How to Deal With Disappointment
With the new year comes hope for better things to come as well as the reality that disappointments will come our way. Some disappointments are small and easy to shake off while others shake us to our core. We know they will come in one form or another. The question is how do we deal with them when they do?
1. Feel It
One of the hardest things to do for many of us is to just let ourself experience a feeling… especially a painful and difficult one. Studies have shown that even at the most difficulties times, such as grieving, Americans only allow themselves 1 to 2 weeks to feel sad or to grieve before expecting to get back into normality again. This isn’t always reasonable. Give yourself permission to feel the pain, even lean in to it. Let it out. And know that eventually the pain of disappointment will lessen.

2. Get Perspective
Once you have allowed yourself to experience the emotion of disappointment you can then get some perspective. Take a few steps back. Look at what you do have instead of only what you do not have. This is not denying the loss or the pain you have experienced but it’s acknowledging that there is more to your story than just the heartache right in front of you.
3. Know Yourself
Disappointment can ripple through to the core of who you are. Sometimes disappointments can catch us so off guard and turn our lives upside down. If you don’t know what your core values are, you may not have a framework to support you when you experience negative emotions that are inevitable when things go sideways.

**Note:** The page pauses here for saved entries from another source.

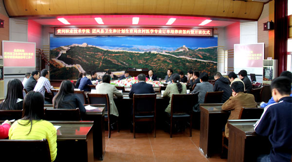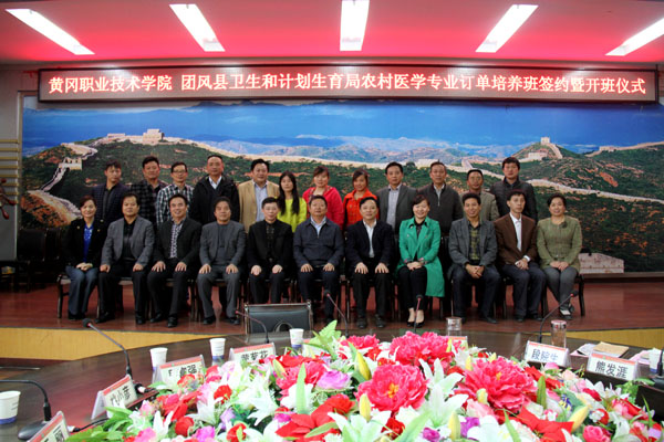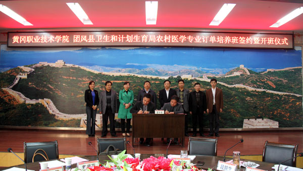 副校长刘东山代表学校与团风县卫计局局长吴富强在办学协议上签字。黄冈市卫计委副主任陈绍艺、团风县人民政府副县长黄菊花在会上分别作了重要讲话。黄冈日报、黄冈市电视台、鄂东晚报为活动作了宣传报道。
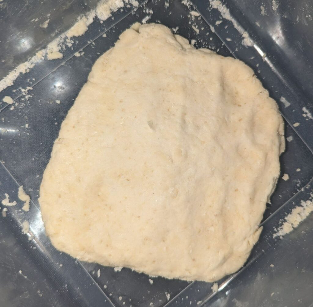 - Pat dough flat, fold over four times, and roll to 1-inch thickness.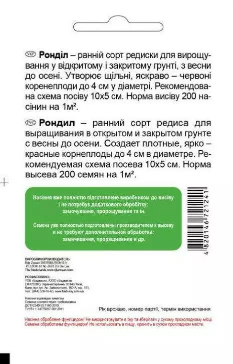 Ранній сорт редиски для вирощування у відкритому і закритому грунті, з весни до осені. Утворює щільні, яскраво – червоні коренеплоди до 4 см у діаметрі. Рекомендована схема посіву 10х5 см. Норма висіву 200 насінин на 1м².Оплата та доставка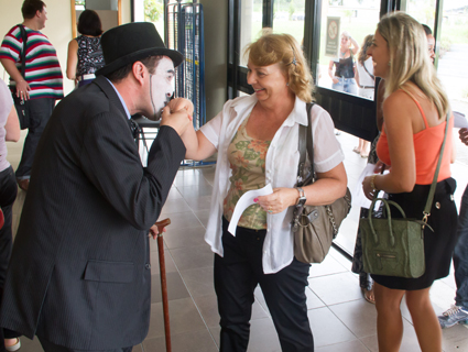 Caracterizado de Carlitos, famoso personagem de Chaplin, o palestrante Rodrigo recepcionou os professores

Knowing your own heart and your values gives you the freedom of choice. You can choose to be driven by what happens to you, or you can choose to live in line with your principles. So I ask you… what are your core values? What principles do you live by no matter what comes your way?
4. Practice Acceptance
As human beings, even though we know that some things are bound to happen, we’re not always willing to accept them.
Every time I am disappointed, I feel overwhelmed by my emotions. I’m inclined to withdraw, wanting to wallow in my disappointment. Each time, I have to accept that I will feel these things again.
I have to accept that I will continue to be disappointed—that it is a part of life, part of being human. I also have to accept that I will probably continue to struggle to accept this fact, at various points throughout the rest of my life!
This is a lifelong challenge and fundamental to dealing with disappointment. I will be disappointed, I will disappoint, you will be disappointed, and you will disappoint. Life will be disappointing—but it will pass.
Practice acceptance and we may suffer less as it is happening and notice the good things in life more.
Disappointment is a part of life and life is often difficult. But we can grow if we can endure. We can be present and aware even in the midst of negative emotions that come with disappointment and therefore live more fully.